A propos de Katerine, pourquoi lui ?

A.L. : C’est une suite d’intuitions, de signes, la pochette de son disque par exemple, qui nous avait plu. On ne voulait pas un musicien de cinéma, et on aimait le rapport qu’entretient Katerine avec le genre : il chope facilement toute une palette de registre, il peut être romantique, drôle, surréaliste, chanteur de charme… Au début, il a composé des chansons qu’on a enregistré, puis il est revenu sur le plateau pour la dernière, qui est chantée en direct par les comédiens pendant qu’il grattait sa guitare.

J-M.L. : Il y a eu quand même un moment où on a hésité, mais Philippe a insisté et a finit par nous convaincre. Il était vraiment juste dans l’émotion du film. Il n’avait jamais fait une musique de film et nous n’avions jamais travaillé avec un musicien de cinéma, c’était donc une invention mutuelle. Et puis il a déjà fait chanter des filles qui n’étaient pas chanteuses, et ça nous a aidé. Surtout avec Hélène, qui ne pensait pas chanter au départ. Jamais elle n’aurait pensé aller aussi loin.

Le point d’orgue du film, c’est peut-être cette scène des coqs de bruyère, dont la parade amoureuse poursuit, sur le mode du documentaire animalier si l’on veut, celle des personnages…
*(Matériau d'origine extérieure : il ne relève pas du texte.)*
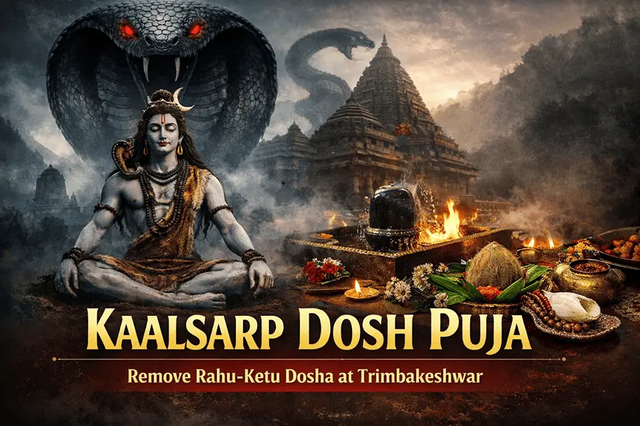 Kaalsarp Dosh occurs when all planets are positioned between Rahu and Ketu, creating obstacles, delays, and instability in life. This powerful Vedic ritual at Trimbakeshwar Jyotirlinga Temple helps neutralize negative planetary effects and brings peace, success, and spiritual growth.
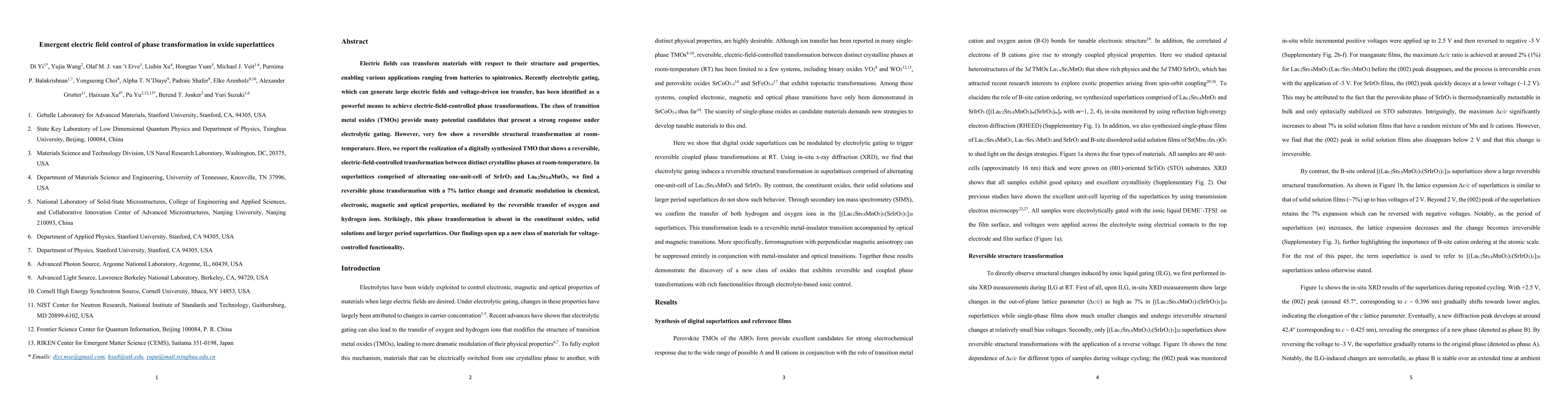 This paper reports the reversible, electric-field-controlled phase transformation between distinct crystalline phases in digitally synthesized oxide superlattices of SrIrO3 and La0.2Sr0.8MnO3 at room temperature, mediated by ion transfer, with significant changes in chemical, electronic, magnetic, and optical properties. This transformation is unique to the superlattice structure and not observed in individual oxides or other configurations.

J-M.L. : On l’a tourné en équipe légère, une fois avec les acteurs, une fois avec seulement les oiseaux. Ensuite on a raccordé. On voulait que cette scène soit très juste, puisqu’à côté, on exagère dans la fiction.

A.L. : Comme dirait Boris, « le cinéma, c’est quand le réel rejoint la métaphore ». Quand on va aux coqs, on ressent vraiment ça. On n’a pas fait cette scène pour faire les malins, mais parce qu’il y a un vrai rapport avec la fiction. Ça dit quelque chose, d’une manière différente, décalée, qui nous touche. Et la métaphore est ouverte, on y met ce qu’on ressent.

J-M.L. : Il y a en plus quelque chose de clandestin dans ces images, c’est le spectacle fait par les oiseaux pour eux-mêmes. C’est très émouvant à voir. D’autant que dans le film, on en parle comme du dahut. Sur le tournage, on pensait à Du soleil pour les gueux d’Alain Guiraudie, parce qu’il invente des animaux imaginaires, les ounayes, et qu’il réussit à faire oublier en dix minutes qu’ils n’existent pas. Nous, on s’est dit qu’on irait plus loin, qu’on filmerait nos ounayes.